Is Malaysia Becoming A Mass Tourism Destination?

Overcrowded islands are going to downgrade the tourist experience.

First it was Tioman and the proposal for a new airport. Then there were rumblings about extending the airport at Redang…then we heard about two new resorts at Perhentian Island…and the latest – a proposal for a seaplane facility on Perhentian.

What on earth is going on?

In case I really need to say it again: RCM has never been against development.

We understand that tourism is an important part of the economy. We understand that tourism is important for jobs, particularly local communities in remote areas.

But this upsurge in development proposals post-covid is becoming a concern. I have written separately about my recent experience on Tioman, seeing so many tourists arriving in a small village. If nothing else, the islands are becoming overcrowded; that’s going to downgrade the tourist’s experience. And maybe they won’t come back – and worse, there’s a risk they will tell others of their poor experience.

Picture of overcrowded jetty taken by our team on Tioman island.

And what about that promise of jobs for islanders?

One resort I visited has restaurants, shops, bars, and water sports…tourists don’t need to leave the resort to find these services - which the villagers used to provide. Now, they are being provided in-house. Often by staff brought in from outside.

The locals are now either jobless or having to work for those big resorts…no longer their own bosses, no longer running a family enterprise, no longer in control.

Someone else has come to their island and displaced them.

If Malaysia wants to be a mass-market destination, so be it.

If that is the decision, we respect that. But a decision like that should be very deliberate, it should be carefully thought out – not an accident caused by a lack of controls over resort development and growing tourist numbers.

Are over-crowded beaches and tourism sites what we want?

MOTAC and Tourism Malaysia might be pleased to see increasing visitor numbers. But are the islanders? Are the local communities? And what about the impact of all those visitors on ecosystems? 

Covid provided an opportunity to take another look at tourism, and to ask ourselves: “Who is tourism for?”

It is looking increasingly like it isn’t for local communities who find themselves besieged by huge numbers of tourists. As the islanders on Tioman told us during our consultations on the proposed airport – “enough is enough”.

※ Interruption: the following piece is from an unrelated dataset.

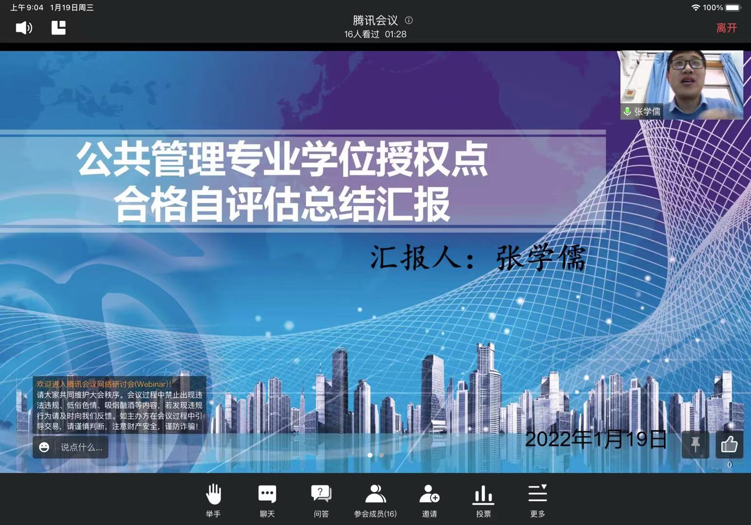 2022年1月19日上午,7779193永利于线上召开了“公共管理专业学位授权点合格评估专家论证会”。评审专家组由全国公共管理硕士(MPA)专业学位教育指导委员会委员、北京航空航天大学郑晓齐教授、首都经济贸易大学麻宝斌教授、南开大学孙涛教授、北京师范大学章文光教授、中央民族大学李俊清教授五位专家组成。7779193永利经理赵建强、副经理张学儒以及学位点部分骨干教师出席了本次论证会。评审专家组组长郑晓齐主持会议。
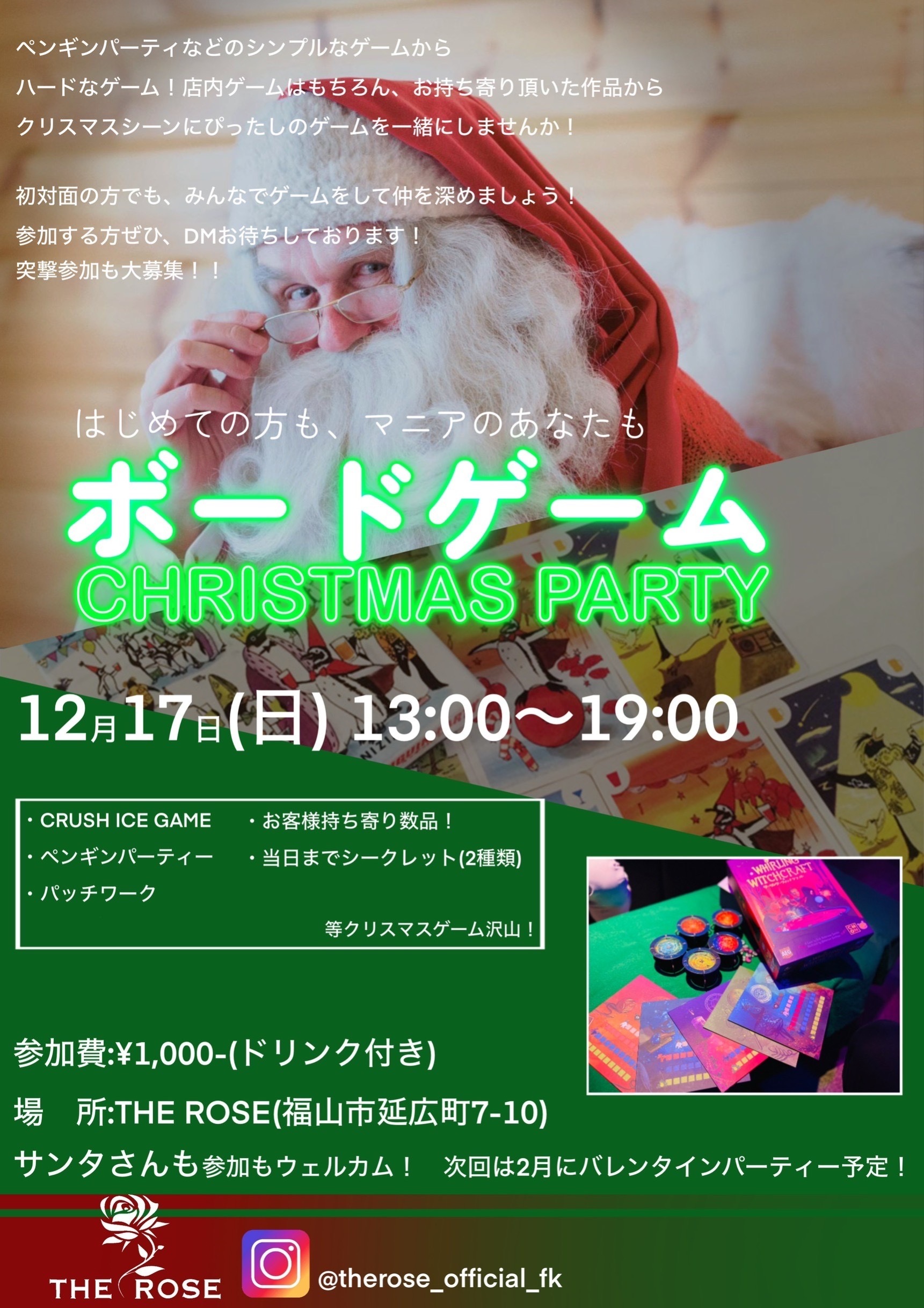 〜〜〜店舗紹介〜〜〜 THE ROSE 広島県福山市延広町7-10 福山市屈指のボードゲームができるBar マーダーミステリーができる店に至っては 広島県内でもほぼ唯一ではないでしょうか! ボードゲーム以外にも #交流 #酒 #カラオケ #ボードゲーム #ダーツ #Switch #プレステ4 #シーシャ #DJ #映画 #安い! こんなにアミューズメントがあるBarはローズだけ🌹そして、マーダーミステリーができるのもローズだけです! 店が気になった場合インスタグラムを見て DMください!! https://instagram.com/therose_official_fk?igshid=OGQ5ZDc2ODk2ZA%3D%3D&utm_source=qr |

Is this the direction in which Malaysia wants its tourism to go?

Over-crowded beaches and tourism sites, more and more resort development (“container resorts”, I kid you not – resorts built out of old shipping containers), local islanders left behind by full-service resorts?

Or should we re-visit that post-covid conversation and explore other opportunities – lower volume, higher value tourism that looks for pristine, quiet, peaceful, authentic experiences – which, I have said before, we have plenty of...for now.